Temporarily Unemployed

My money running out like some cheating husband. - LAS

It's so crazy how little one can do when they don't have any money. My financial situation has been pretty low since I had to quit my job, because school started back up again. I've been invited to "hang out" with several of my friends and go to the movies, see a play, go bowling, eat out at a restaurant and I've had to refuse countless times, because of my lack of funds. I have a small work study job, but it's just not cutting it. I just recently received two credit cards in the mail and how tempting they are! I've only used one, but it was on purchases that I knew I would be able to pay off in the next week or so. I don't want to be consumed with credit card debt when I am already smothered in debt from loans I've had to take out for school.

I am on a search for a new job. The Christmas season will be starting soon and I would like to work during the time that I am out of school on break. I would prefer the job to have late hours so that I could stay after the Christmas break when school begins again.

It's a hard tasks finding a job and I've forgotten just how hard it is. Every job I've had before was practically given to me. I didn't have to do much as far as searching goes. I always knew someone who was looking to hire, so getting a job came very easy for me. Now I have to think of places where I would like to work that have a pleasant environment, are within a reasonable driving distance and have flexible hours.

Honestly, I'm feeling quite lazy about this search and I have so many other things I need to do.
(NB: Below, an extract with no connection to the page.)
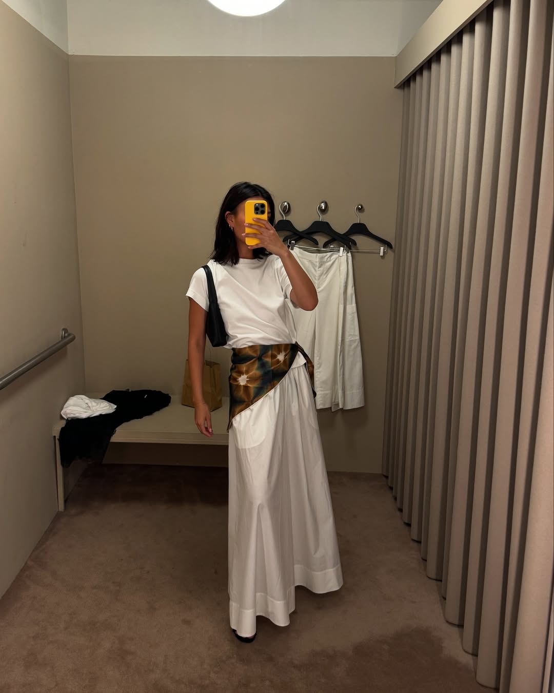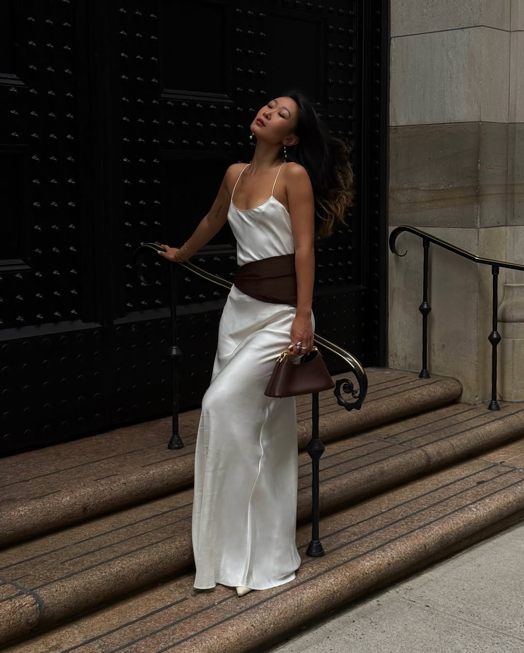 長裙飄逸、仙氣,把絲巾繫在腰繫,既能當裝飾,也能做層次過渡,讓整體更有亮點,視覺效果既復古又摩登。

So, it's going to take some motivation on my part. Also, I have to stop being picky about where I work. So far I've filled out two applications from different companies and I have returned only one. Yes, I need to get moving otherwise all of the available jobs that are looking for holiday workers will be gone and I can't have that.

4 Comments:

Blogger Kurisuteen Kaneshiro said...

Maybe you need a break sis. I find, usually, that with God's people, that things He wants us to do or get involved in, not necessarily get handed to us, but there's a beautiful fluidity when acquiring it.

You seem frustrated and lil annoyed by it all. Maybe take a break from working. And yeah, maybe that means take a break from friends too. Sometimes God wants us in solitary, quiet places, spiritually and physically. And maybe that way you'll find a sense of peace and calm.

But hey I could be wrong...but it's a possibility I'm right :)

And why is it I CANNOT get a credit card?! I don't have 'credit' per se, therefore everytime I apply for a freakin card I get rejected. I have on CC that's cosigned with my mom, but that's it. Dang! Send one of em pre-approved joints over my way lol.

8:49 PM  
Blogger Not Your Average Jane said...

I think you are right. I quit my work study job, because of time issues. Actually it's a relief even though my funds are hurting.

Girl, I don't have credit either. It just happened by accident. I applied for like 7 credit cards in one day and ended up with three in the mail. Now they won't leave me alone!

9:52 PM  
Blogger jasdye said...

i've still got my one from early on in college. it's a student credit card. and even though it's platinum, the limit's still fairly low. which is good for me, since i maxed out a couple months ago.

10:14 PM  
Blogger Not Your Average Jane said...

Credit cards are useless. I don't even use mine. Well, I used it once recently and paid it off. But yea I feel like if I don't have the money to pay it off eventually then I shouldn't use my credit card.